### GIVEN DATA

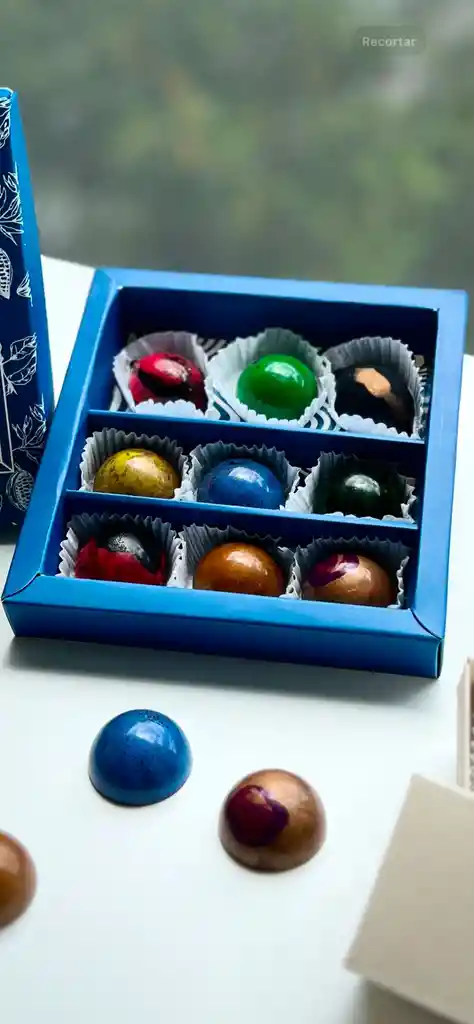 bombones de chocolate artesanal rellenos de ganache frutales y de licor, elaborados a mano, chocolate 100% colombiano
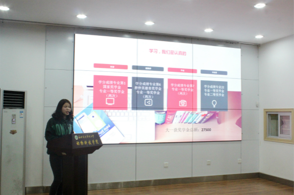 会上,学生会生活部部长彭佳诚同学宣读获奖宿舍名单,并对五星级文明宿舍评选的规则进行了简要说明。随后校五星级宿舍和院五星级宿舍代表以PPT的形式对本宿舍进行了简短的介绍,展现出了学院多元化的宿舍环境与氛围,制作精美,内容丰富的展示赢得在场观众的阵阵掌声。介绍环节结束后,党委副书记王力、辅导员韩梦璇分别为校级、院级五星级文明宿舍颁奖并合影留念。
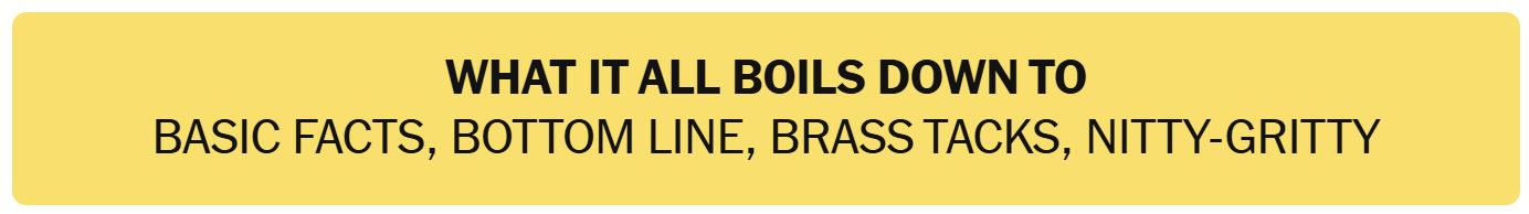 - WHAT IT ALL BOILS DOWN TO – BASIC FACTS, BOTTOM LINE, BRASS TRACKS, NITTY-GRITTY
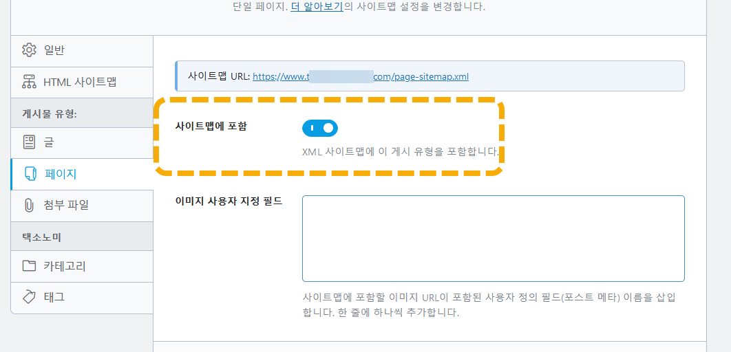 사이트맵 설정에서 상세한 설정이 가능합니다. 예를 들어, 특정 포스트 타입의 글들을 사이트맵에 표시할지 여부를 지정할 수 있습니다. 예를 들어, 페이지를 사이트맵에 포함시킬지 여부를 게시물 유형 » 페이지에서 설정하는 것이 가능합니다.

### EXERCISE DIRECTIONS
A word-for-word copy of the lines from the one with "会上,学生会生活部部长彭佳诚" through the final line of the listing above is the whole answer, and it contains no pictures.

### RESULT FOR THIS EXERCISE
 会上,学生会生活部部长彭佳诚同学宣读获奖宿舍名单,并对五星级文明宿舍评选的规则进行了简要说明。随后校五星级宿舍和院五星级宿舍代表以PPT的形式对本宿舍进行了简短的介绍,展现出了学院多元化的宿舍环境与氛围,制作精美,内容丰富的展示赢得在场观众的阵阵掌声。介绍环节结束后,党委副书记王力、辅导员韩梦璇分别为校级、院级五星级文明宿舍颁奖并合影留念。
 - WHAT IT ALL BOILS DOWN TO – BASIC FACTS, BOTTOM LINE, BRASS TRACKS, NITTY-GRITTY
 사이트맵 설정에서 상세한 설정이 가능합니다. 예를 들어, 특정 포스트 타입의 글들을 사이트맵에 표시할지 여부를 지정할 수 있습니다. 예를 들어, 페이지를 사이트맵에 포함시킬지 여부를 게시물 유형 » 페이지에서 설정하는 것이 가능합니다.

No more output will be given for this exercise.